- **WHAT IS REQUIRED**: Once you find the line containing "韩语系教师仲维芳指导的薛佰舒" in the data below, copy it and each following line exactly, up to and including the line containing "Company boss hold", and nothing else.

- **RECORDS SUPPLIED**:
[Start of Attachment]

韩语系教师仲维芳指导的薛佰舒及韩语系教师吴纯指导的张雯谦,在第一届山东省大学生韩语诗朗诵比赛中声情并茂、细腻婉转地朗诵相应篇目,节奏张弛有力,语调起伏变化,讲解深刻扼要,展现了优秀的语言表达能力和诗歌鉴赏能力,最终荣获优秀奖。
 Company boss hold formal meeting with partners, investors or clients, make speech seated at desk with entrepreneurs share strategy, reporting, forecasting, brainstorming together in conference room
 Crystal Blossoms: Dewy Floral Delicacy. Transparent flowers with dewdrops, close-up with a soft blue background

[End of Attachment]
[Start of Attachment]

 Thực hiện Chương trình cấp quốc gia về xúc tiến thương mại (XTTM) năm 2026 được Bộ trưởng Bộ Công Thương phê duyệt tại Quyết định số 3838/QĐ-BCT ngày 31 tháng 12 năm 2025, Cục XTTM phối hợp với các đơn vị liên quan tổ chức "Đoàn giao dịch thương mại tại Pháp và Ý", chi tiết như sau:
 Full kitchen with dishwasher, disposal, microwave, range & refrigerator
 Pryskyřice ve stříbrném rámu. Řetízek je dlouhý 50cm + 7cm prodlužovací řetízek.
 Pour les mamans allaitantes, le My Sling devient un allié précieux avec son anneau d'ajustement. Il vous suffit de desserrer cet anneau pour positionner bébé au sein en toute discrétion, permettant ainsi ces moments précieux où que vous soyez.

[End of Attachment]
[Start of Attachment]

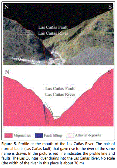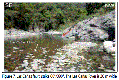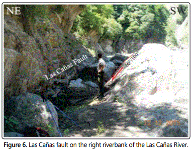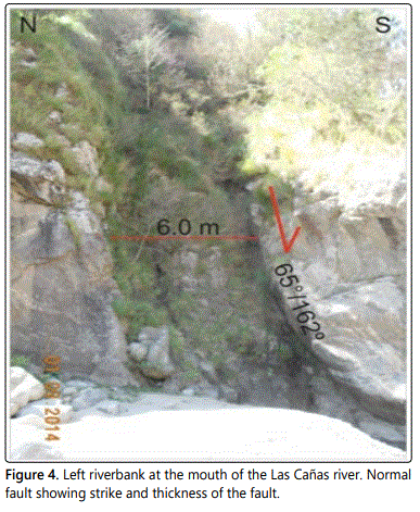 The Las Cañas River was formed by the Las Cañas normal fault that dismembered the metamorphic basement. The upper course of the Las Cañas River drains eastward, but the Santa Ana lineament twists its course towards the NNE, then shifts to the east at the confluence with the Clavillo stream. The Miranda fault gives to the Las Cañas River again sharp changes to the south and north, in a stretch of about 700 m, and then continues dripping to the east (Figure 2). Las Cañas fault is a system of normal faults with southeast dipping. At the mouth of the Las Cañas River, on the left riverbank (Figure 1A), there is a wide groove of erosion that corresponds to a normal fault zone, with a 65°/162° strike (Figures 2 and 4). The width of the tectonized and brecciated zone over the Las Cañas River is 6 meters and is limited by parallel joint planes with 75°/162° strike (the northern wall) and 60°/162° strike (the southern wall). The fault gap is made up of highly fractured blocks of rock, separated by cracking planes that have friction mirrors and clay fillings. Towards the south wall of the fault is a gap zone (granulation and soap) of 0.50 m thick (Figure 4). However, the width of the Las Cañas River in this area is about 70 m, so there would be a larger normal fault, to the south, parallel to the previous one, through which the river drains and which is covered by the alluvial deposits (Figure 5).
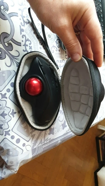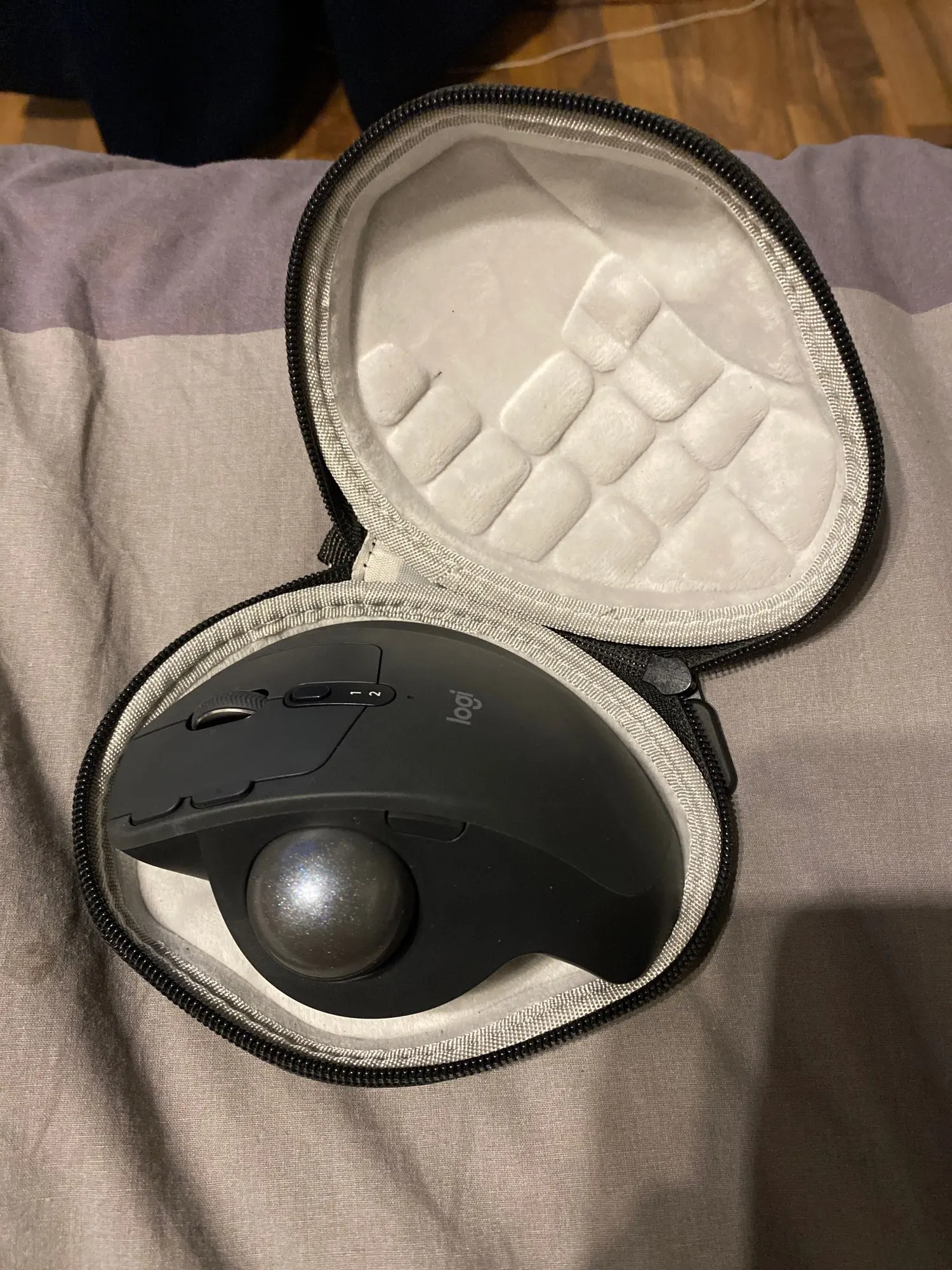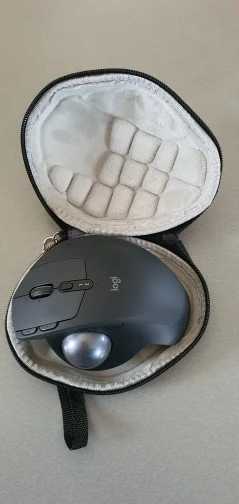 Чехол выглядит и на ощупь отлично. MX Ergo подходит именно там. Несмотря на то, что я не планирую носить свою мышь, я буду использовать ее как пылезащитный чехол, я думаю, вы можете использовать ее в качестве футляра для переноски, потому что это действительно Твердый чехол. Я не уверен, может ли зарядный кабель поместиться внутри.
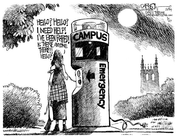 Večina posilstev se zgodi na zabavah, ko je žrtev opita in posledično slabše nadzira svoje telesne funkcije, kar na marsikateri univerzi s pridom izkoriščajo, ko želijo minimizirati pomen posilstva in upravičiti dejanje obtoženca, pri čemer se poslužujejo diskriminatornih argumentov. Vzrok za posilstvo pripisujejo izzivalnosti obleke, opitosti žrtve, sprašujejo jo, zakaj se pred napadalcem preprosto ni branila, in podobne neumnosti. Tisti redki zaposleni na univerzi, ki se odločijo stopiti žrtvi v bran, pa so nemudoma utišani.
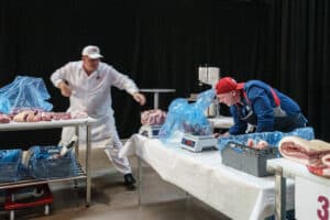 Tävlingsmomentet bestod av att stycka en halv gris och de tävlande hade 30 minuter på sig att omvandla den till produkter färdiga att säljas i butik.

[End of Attachment]

- **THE ANSWER**:
韩语系教师仲维芳指导的薛佰舒及韩语系教师吴纯指导的张雯谦,在第一届山东省大学生韩语诗朗诵比赛中声情并茂、细腻婉转地朗诵相应篇目,节奏张弛有力,语调起伏变化,讲解深刻扼要,展现了优秀的语言表达能力和诗歌鉴赏能力,最终荣获优秀奖。
 Company boss hold formal meeting with partners, investors or clients, make speech seated at desk with entrepreneurs share strategy, reporting, forecasting, brainstorming together in conference room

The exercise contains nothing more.